My vegetable garden had fresh produce in it but it was full of liquefaction so I couldn't eat that. I ate a lot of canned food and packet meals, not fresh food," she said.

"It was a stressful event. It was like someone had shaken a snow globe. It was utter chaos. You gave yourself excuses to eat unhealthy and you had more important issues to deal with rather than worrying about what you ate. I lost the discipline to continue to try and eat healthy. You had to deal with EQC and insurance issues."

She moved to Rolleston after the quakes.

"I eat less chocolate now that I've got back on track. I feel like I am almost back to normality. It did take a lot of months for people who were struggling to start to feel normal again. People are still going through the hard yards with their insurance companies and EQC," she said.

The university study, started in 2007 but the focus changed after February 2011 and it became a study that looked at health, well being and eating habits as a result of the earthquakes.

"This is the first study in New Zealand and possibly internationally that has examined eating habits and food choices before and after a natural disaster," said Dr Kuijer.

"Our study started in 2007 but the focus changed after February 2011 and it became a study that looked at health, well being and especially eating habits because of the earthquakes.

"The fact that we had participants before the earthquakes makes this study unique.

"They were all Canterbury residents mostly middle aged and 75 per cent of them were women.
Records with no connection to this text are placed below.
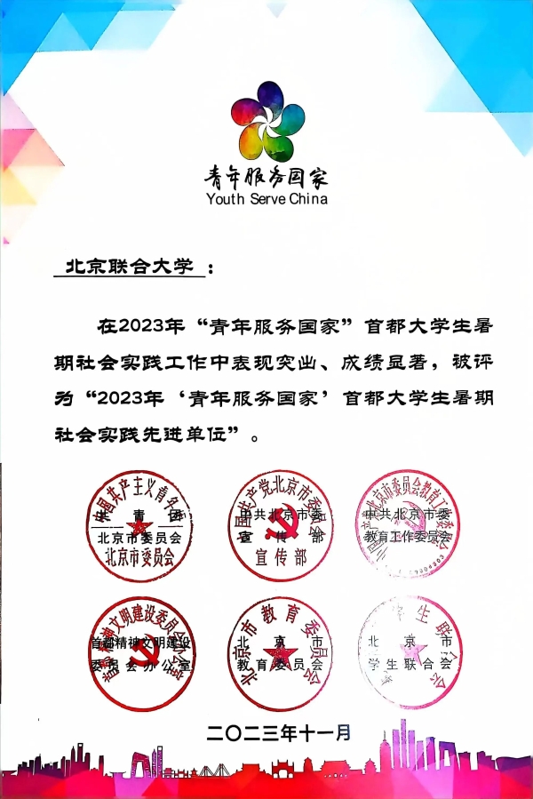 获评“2021年度高校就业最具创新奖”、“2023年‘青年服务国家’首都大学生暑期社会实践先进单位”荣誉称号。连续第14年荣获“北京市征兵工作先进单位”。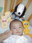 「ばっちりカメラ目線」のゆう君 ちょっと前までは カメラがイヤで笑顔が消えていたけど、最近は慣れたのか すっかりカメラ目線に・・・(ママのBaby時代は全部カメラ目線なんだよ) でも、この1ヶ月ですごく進歩したなぁ〜 どんどん変わっていくよ。顔も行動も言動も・・・そして体形も・・・ 今のお気に入りはパパがやってくれる「♪げんこつ山のたぬきさん〜」 |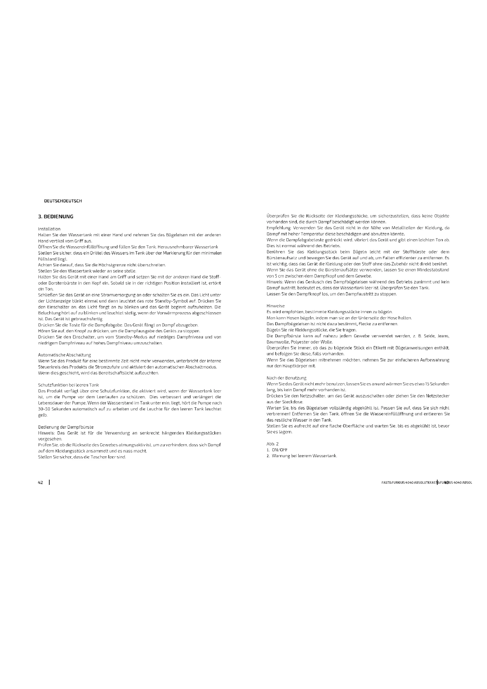 Nehmen Sie das Gerät aus der Verpackung. Vergewissern Sie sich, dass das Produkt alle die Zubehöre beinhaltet und dass keine sichtbare Schäden hat. Falls Sie Schäden gesehen hat, kontaktieren Sie den Kundendienst von Cecotec. Entfernen Sie Reste von Klebebändern oder Schutzelementen auf der Dampfauslass. Auswickeln und ziehen Sie das Kabel. Bauen Sie das Zubehör gemäß dieser Anleitung zusammen, füllen Sie den Wassertank und verwenden Sie das Bügeleisen mit einem alten Kleidungsstück, um mögliche Rückstände zu entfernen. Es ist möglich, dass das Gerät bei dem ersten Gebrauch einige Wassertropfe erzeugt. Das ist ganz normal. Hinweis: Wenn Sie das Dampfbügeleisen erstmals in Betrieb nehmen, lassen Sie den Dampf während einige Minuten herauslassen, um Verunreinigungen zu und schlechte Gerüche von der Herstellung entfernen.FAST&FURIOUS 4040 ABSOLUTEFAST&FURIOUS 4040 ABSOLUTE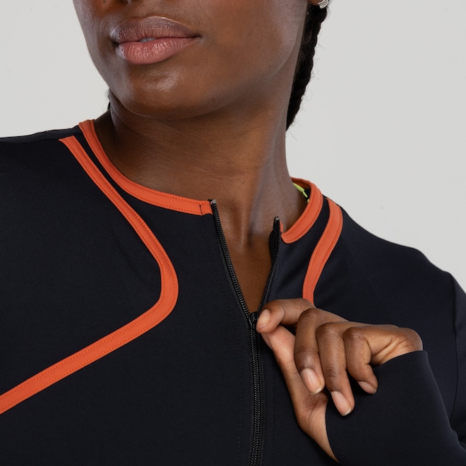Fechamento Zíper Quantidade de Bolsos 3 Tipo de Bolso Traseiros Gola Careca Tipo de Manga Com Abertura Para Polegar

For the research questions relating to eating habits only the responses of women were used.

"We asked them what they ate each day, whether they ate junk food and how much they ate. Until after the earthquakes eating habits were fairly stable. Following the February 2011 earthquake participants started reporting unhealthier eating patterns.

"We were interested in whether food choice had changed after the quakes. What they loved to eat to help them cope with stress, easy food to prepare and familiarity became more important in their food choice," Dr Kuijer said.

Respondents mostly preferred food that made them happy and natural content became less important.